== Segment start ==

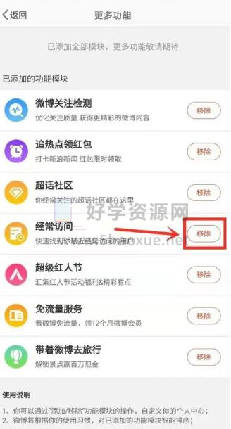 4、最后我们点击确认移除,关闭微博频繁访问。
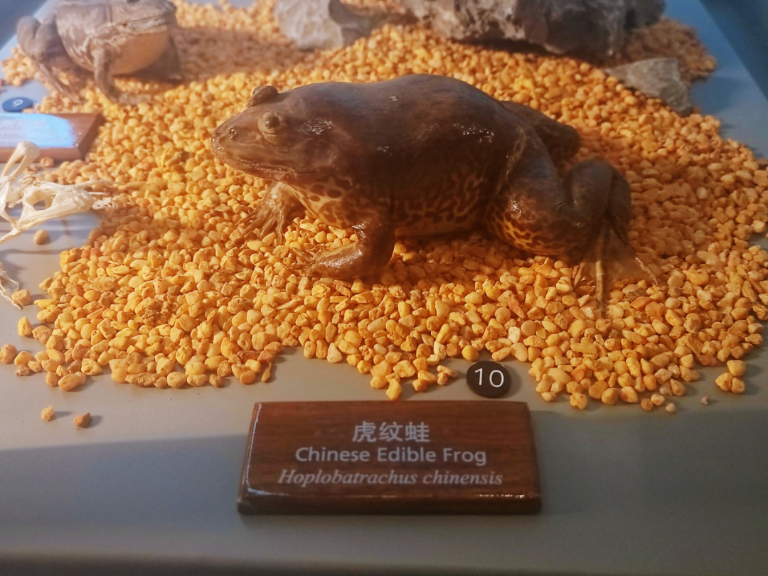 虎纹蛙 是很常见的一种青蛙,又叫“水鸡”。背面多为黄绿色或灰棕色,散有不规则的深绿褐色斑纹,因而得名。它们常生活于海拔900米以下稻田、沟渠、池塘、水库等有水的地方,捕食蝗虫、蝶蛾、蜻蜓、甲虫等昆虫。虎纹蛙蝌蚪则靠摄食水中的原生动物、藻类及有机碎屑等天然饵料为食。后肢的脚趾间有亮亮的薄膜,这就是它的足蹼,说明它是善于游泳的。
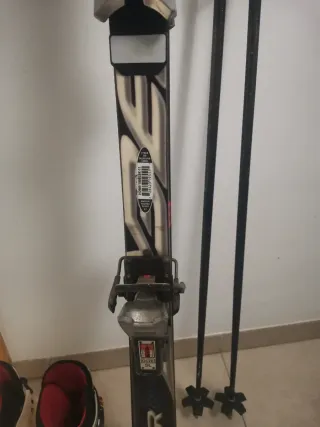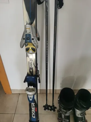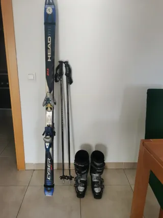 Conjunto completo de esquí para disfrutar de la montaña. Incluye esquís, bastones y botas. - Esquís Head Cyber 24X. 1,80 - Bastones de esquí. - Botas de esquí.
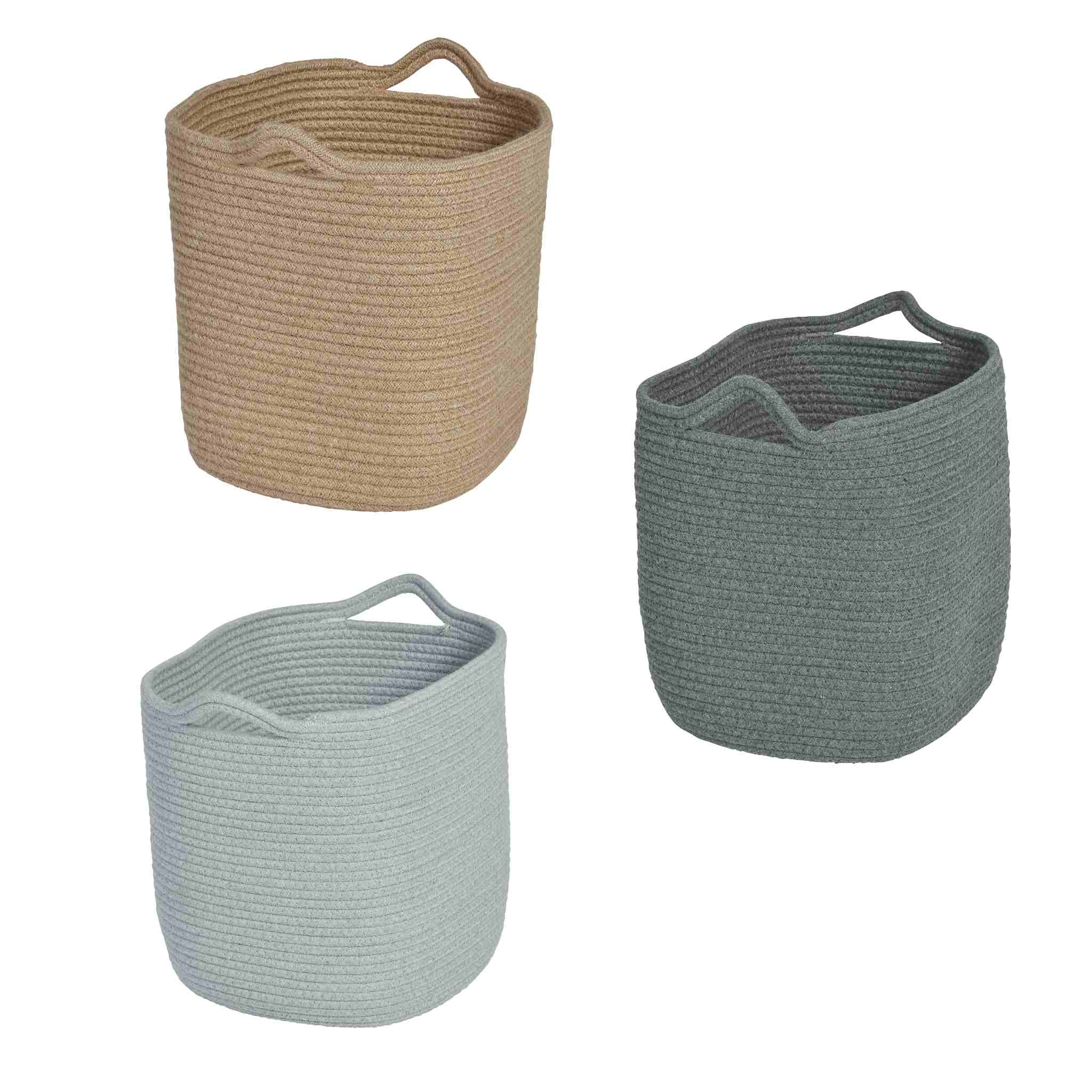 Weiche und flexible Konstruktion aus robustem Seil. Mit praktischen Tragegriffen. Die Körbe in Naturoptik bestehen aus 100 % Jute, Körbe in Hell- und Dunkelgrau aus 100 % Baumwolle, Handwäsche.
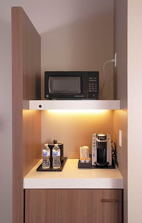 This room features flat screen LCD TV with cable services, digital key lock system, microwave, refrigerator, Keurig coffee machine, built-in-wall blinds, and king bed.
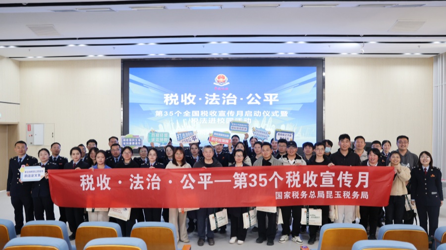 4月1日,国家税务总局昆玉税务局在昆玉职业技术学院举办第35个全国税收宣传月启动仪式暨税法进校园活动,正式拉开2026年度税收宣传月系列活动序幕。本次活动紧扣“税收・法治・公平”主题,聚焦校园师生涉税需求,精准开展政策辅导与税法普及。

== Segment end ==

Quote every record above exactly, leaving out any pictures.

 4、最后我们点击确认移除,关闭微博频繁访问。
 虎纹蛙 是很常见的一种青蛙,又叫“水鸡”。背面多为黄绿色或灰棕色,散有不规则的深绿褐色斑纹,因而得名。它们常生活于海拔900米以下稻田、沟渠、池塘、水库等有水的地方,捕食蝗虫、蝶蛾、蜻蜓、甲虫等昆虫。虎纹蛙蝌蚪则靠摄食水中的原生动物、藻类及有机碎屑等天然饵料为食。后肢的脚趾间有亮亮的薄膜,这就是它的足蹼,说明它是善于游泳的。
 Conjunto completo de esquí para disfrutar de la montaña. Incluye esquís, bastones y botas. - Esquís Head Cyber 24X. 1,80 - Bastones de esquí. - Botas de esquí.
 Weiche und flexible Konstruktion aus robustem Seil. Mit praktischen Tragegriffen. Die Körbe in Naturoptik bestehen aus 100 % Jute, Körbe in Hell- und Dunkelgrau aus 100 % Baumwolle, Handwäsche.
 This room features flat screen LCD TV with cable services, digital key lock system, microwave, refrigerator, Keurig coffee machine, built-in-wall blinds, and king bed.
 4月1日,国家税务总局昆玉税务局在昆玉职业技术学院举办第35个全国税收宣传月启动仪式暨税法进校园活动,正式拉开2026年度税收宣传月系列活动序幕。本次活动紧扣“税收・法治・公平”主题,聚焦校园师生涉税需求,精准开展政策辅导与税法普及。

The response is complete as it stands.